Berkshire pork belly, honey lacquer, shaved apples
Obviously, I always get the pork belly bites. Wonderfully crisp on the outside and gorgeously unctuous within, the hefty slabs of belly seemed lacquered in a bit of honey to provide some balance along with the crisp shaved apples. Easily a favorite of mine.
Prawns [$12]
Shrimp, chorizo, grape tomato, espelette chile
Another must order in my mind are the prawns. The GF's a bit wary of head-on shrimp, but luckily for her, I'm a head-man myself and have no problem saving the rest for her. The bit of crisp chorizo provided smoky heft, while the grape tomato and lemon aioli provided a nice countervailing balance to each bite.
Diver Scallops [$18]
Uni emulsion, parsip
Our first experience at Tinto was where the GF realized she actually did like scallops. And while these were cooked to perfection, the accompanying vanilla-parsnip puree ate a little too sweet and was a little out there for us. The vanilla seemed to perfume each bite so that the innate sweetness of the bivalve was lost at times.
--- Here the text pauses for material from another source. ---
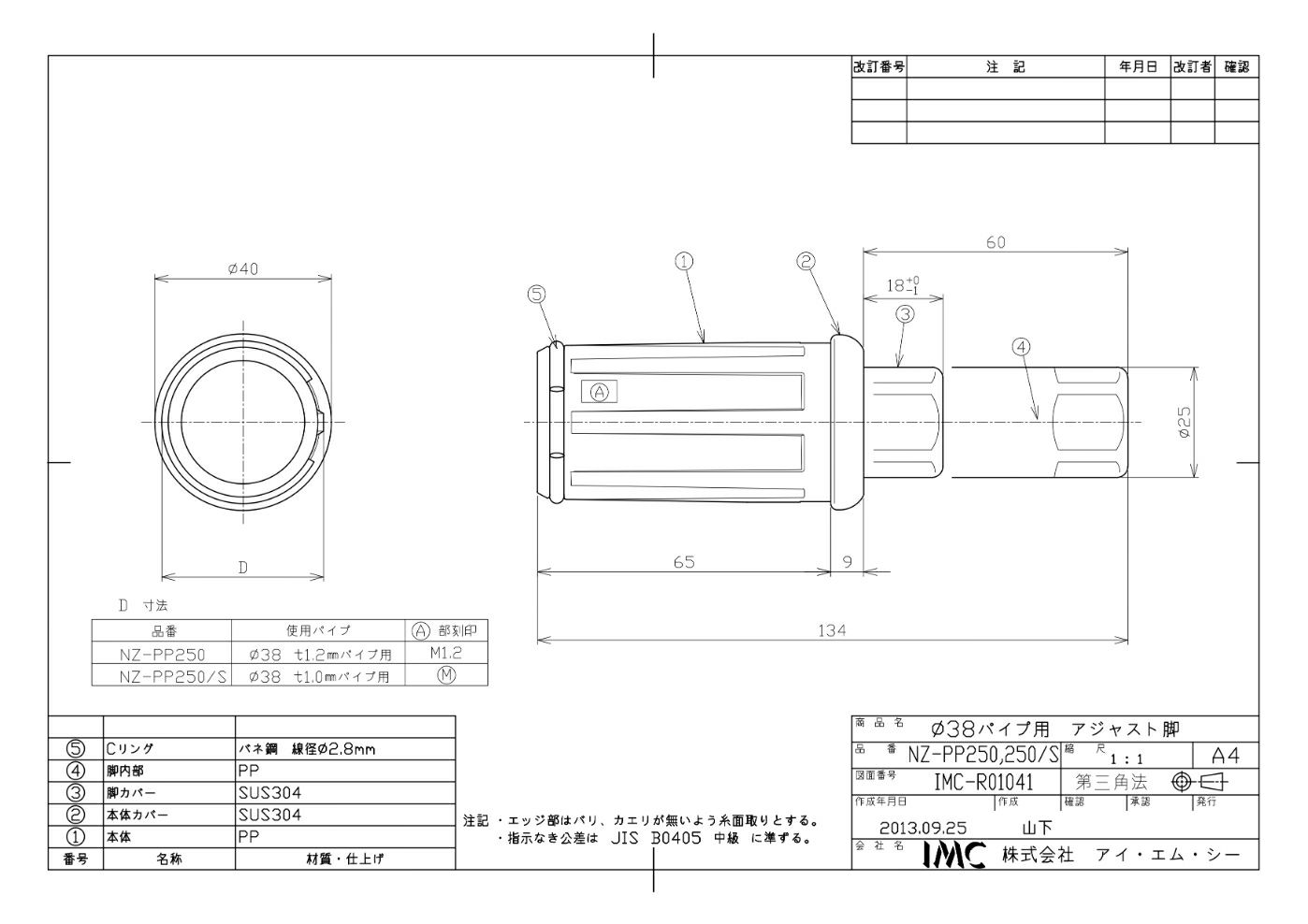 | サイズ | 【IMC】38Φ用パイプアジャスト脚PP製ステンカバー体1mm厚用 |

Any of the uni emulsion remained undetected.
Crispy guanciale, black truffle, pine nut escabeche, Meyer lemon, Idiazabal
On the other hand, the brussels were on point and plentiful. The Idiazabal cheese made a reappearance and coated the savory brussels, which had nice bite. The bits of guanciale added a salty hit, with the Meyer lemon providing that acidic twang to wake up the palate. The black truffle essence kept the base savory though, with the hits of strong mustard really making the dish on the finish.
Overall, there were some misses for us in this recent Tinto experience, but you can't deny the kitchen's creativity. While the mainstay dishes like the pork belly montaditos and the prawns will keep Tinto a favorite of ours. it's the constant broadening of our palates that will keep us coming back for more.